二人对视须臾,许文壶率先别开了脸,长睫低垂,轻下声音,“真是胡闹,你们怎能将无辜过路人等牵扯其中。”
“她,她不是过路,她,她,她是来给您送鸡,鸡——”
李桃花听得厌烦,忍不住转脸怒怼:“鸡你个头啊!不会说话就闭嘴!”
她把被自己吃过一口的蛋羹端结实,转身就准备撤。
这时瘦衙差激动道:“这都过去三年了,大人问我们,我们怎么清楚,只知那苟宋氏通奸是属实,至于奸夫是谁,我们又怎么知道,兴许被她——藏起来了呢。”
这时,李桃花猛然停住脚步。
她回过脸,目光冷冷看着衙差,沉声道:“你们别太过分了,我莲心姐根本就不可能干出那种丑事,死者为大,都三年了,这脏水还泼个没完了?”

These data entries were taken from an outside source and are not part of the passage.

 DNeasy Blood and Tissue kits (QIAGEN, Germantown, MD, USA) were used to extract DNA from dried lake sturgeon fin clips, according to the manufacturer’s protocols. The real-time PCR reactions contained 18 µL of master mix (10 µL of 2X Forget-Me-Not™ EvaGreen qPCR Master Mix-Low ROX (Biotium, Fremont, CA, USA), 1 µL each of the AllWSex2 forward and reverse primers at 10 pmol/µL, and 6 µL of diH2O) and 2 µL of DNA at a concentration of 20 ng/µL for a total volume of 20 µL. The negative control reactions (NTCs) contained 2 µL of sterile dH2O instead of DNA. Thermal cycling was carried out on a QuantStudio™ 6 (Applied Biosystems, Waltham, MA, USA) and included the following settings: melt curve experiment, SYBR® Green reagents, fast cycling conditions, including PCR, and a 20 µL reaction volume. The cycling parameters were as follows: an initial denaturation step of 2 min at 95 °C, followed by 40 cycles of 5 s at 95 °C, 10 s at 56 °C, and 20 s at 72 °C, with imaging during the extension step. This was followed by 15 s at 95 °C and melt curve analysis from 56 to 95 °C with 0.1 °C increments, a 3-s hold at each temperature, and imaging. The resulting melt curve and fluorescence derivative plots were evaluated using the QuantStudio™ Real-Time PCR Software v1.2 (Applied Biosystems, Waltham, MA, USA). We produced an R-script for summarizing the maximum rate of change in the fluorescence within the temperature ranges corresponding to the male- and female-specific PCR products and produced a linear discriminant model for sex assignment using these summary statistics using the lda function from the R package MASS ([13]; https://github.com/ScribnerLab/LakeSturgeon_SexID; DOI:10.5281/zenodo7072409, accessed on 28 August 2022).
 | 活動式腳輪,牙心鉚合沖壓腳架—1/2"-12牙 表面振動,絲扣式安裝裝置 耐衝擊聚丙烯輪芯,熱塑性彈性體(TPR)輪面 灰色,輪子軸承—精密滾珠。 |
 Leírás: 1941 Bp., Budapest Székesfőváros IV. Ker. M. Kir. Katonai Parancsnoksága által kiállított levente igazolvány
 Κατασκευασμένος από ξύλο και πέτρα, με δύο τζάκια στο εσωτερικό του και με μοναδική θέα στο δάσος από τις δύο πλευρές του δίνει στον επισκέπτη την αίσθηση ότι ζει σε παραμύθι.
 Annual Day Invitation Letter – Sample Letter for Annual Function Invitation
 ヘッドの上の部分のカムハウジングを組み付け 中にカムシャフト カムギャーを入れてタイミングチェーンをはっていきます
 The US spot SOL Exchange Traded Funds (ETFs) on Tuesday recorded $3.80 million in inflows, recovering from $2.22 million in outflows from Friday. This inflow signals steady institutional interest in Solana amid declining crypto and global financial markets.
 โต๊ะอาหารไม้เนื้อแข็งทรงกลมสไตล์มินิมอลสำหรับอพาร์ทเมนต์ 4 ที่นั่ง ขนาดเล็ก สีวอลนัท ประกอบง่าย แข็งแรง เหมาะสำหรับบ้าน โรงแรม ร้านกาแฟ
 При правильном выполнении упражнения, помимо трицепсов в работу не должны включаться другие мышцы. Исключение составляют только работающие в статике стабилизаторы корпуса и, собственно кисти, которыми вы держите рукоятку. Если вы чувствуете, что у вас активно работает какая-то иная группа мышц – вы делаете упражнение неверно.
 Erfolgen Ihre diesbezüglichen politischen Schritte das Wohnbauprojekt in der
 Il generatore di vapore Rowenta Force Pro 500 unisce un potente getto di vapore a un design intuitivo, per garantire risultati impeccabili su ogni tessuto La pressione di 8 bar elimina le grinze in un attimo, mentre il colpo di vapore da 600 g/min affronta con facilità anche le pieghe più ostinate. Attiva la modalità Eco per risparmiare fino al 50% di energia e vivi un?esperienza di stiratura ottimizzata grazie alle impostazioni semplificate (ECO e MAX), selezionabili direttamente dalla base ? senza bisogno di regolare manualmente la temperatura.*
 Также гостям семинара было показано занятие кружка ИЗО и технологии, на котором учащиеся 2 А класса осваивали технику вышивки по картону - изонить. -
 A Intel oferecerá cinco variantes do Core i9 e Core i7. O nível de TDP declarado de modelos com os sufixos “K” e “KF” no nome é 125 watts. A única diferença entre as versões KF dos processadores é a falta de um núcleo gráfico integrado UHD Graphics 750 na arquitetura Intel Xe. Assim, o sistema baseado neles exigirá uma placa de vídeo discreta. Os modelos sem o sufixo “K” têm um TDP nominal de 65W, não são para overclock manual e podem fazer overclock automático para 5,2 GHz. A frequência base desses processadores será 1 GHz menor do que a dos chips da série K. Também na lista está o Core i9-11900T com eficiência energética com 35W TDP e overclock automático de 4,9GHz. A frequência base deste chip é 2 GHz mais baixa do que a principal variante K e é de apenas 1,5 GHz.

许文壶怔了下子,抬眸向她看去,“李姑娘与苟宋氏认识?”
李桃花索性直说:“我家与她娘家住的并不远,小时候经常与她一起到溪边浣衣,一直到她出嫁以后,才逐渐没了来往。”
许文壶听后稍作沉吟,忽然起身对李桃花作揖,温声道:“孤男寡女本不该共处一室,但因案情所迫,李姑娘,得罪了。”
他出声让两名衙差退下,关门声传来,房中便只剩下他二人。
李桃花知道他是什么意思,便没等他张口,继续说道:“虽不来往,但逢年过节在她回门时,我们也是能够说上话的。她与那姓苟的感情很好,根本不可能在外头找人,更何况我与她认识多年,知道她读过几本书,性子比寻常人清高多了,像通奸这样的丑事她是死也做不出来的。”